Wednesday night I went home not sure what was going to happen. I had an eviction notice but I wasn't sure if I was going to give it to him.
I didn't go to him, I waited. He started a fight - I told him if this was an innocent friendship, then show me. Show me the jokes. While showing me the jokes she sent him a text. We fought. I walked away.
He called my mom for advice, she called me to ask what I wanted. She encouraged us to talk. So I went to talk to him.

2 hours later, no resolution. From what he said - I'm not supposed to talk to anyone about any of our private lives. There is no point in us asking each other about our days, because it's always the same. He will relay any important information to me. I need to stop being so controlling and paranoid. I need to stop snooping and going behind his back. I need to let him have his friends. I don't need to worry about his health or finances.
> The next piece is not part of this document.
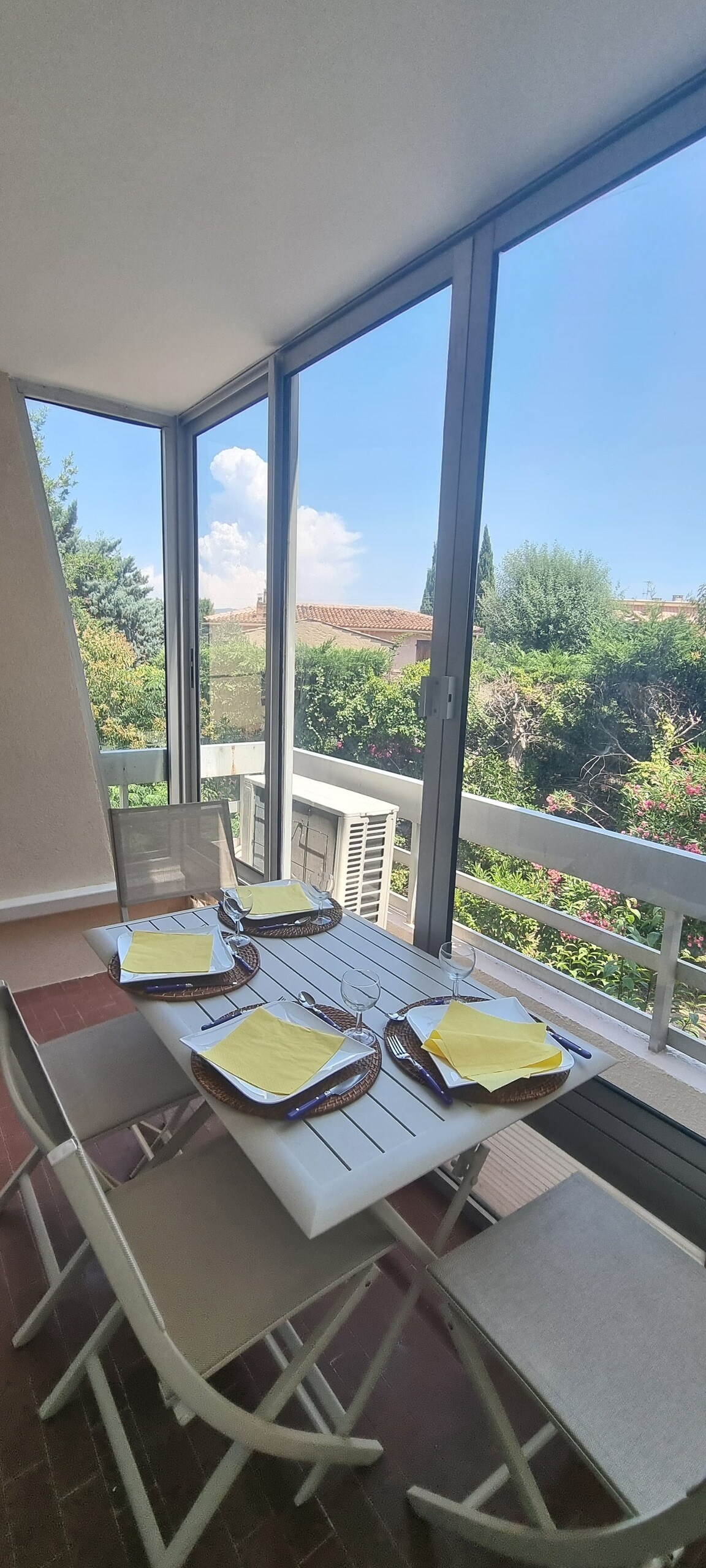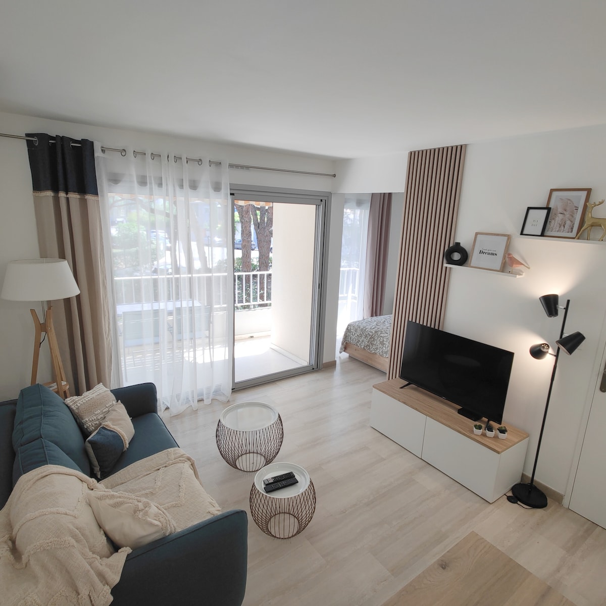 Lokasi yang ideal, semuanya berjalan kaki, pantai, pelabuhan dan kedai-kedai di kawasan berhampiran. Apartmen di tingkat 1 kediaman berhutan di selatan yang tenang menghadap lengkap (mesin basuh, penyaman udara, ketuhar, wifi, mesin kopi Tassimo, plancha...). Penginapan ini terdiri daripada bilik utama dengan dapur Amerika, keseluruhannya menghadap balkoni seluas 10m2. 'Kawasan tidur tertutup dengan 2 katil twin, ruang tamu ada sofa boleh tukar 2 tempat duduk. Bilik mandi. Kediaman selamat dengan tempat letak kereta.

And by me asking him to be open and honest, that means that I'm controlling him and I want to know every single detail of his life.


I explained that I'm paranoid because he's closed off and secretive. He says he's like that because of how I am.

I offered the possibility of counseling - but that would just be another person for me to tell everything to.

*at 1 point in the 2 hour discussion, he told me he was upset because he stopped at work on his day off Wednesday and they all knew what was going on. I told him #1 I didn't call his work. #2 his brother works there and either he told his brother or he talked to his mom and his mom told his brother who ran his mouth.

So after 2 hours, I handed him the eviction notice and walked away from the circle of blame. I tried to break it, and nothing worked. Everytime I tried to summarize what he wanted, he'd make a comment about how I'm controlling, or how things will never change.

I told him - he wants his single life with *some* relationship benefits. I told him to watch other people, see how the interact.


I called his mother to simply let her know that he was being evicted. She immediately defended him asking, "He can't have friends?" she asked if I wanted her to call him and I said in the most calm voice that I don't care, I was just calling to let her know he was evicted.

Yesterday morning he sent me a text that I need to apologize to this girl for messing up her week.
I forwarded her the message with a note that said BF sent this - make sure you tell him I sent this to you.


No reply.
I sent no message to BF.

When I got home, he wasn't home from work yet. I went to a Home depot do-it-herself workshop. I came home and he wasn't home.
No texts, no calls to or from either of us.

I took a shower, and he came home. I got out, dressed and went upstairs to watch tv and go to sleep. Nothing said. Didn't even look at him.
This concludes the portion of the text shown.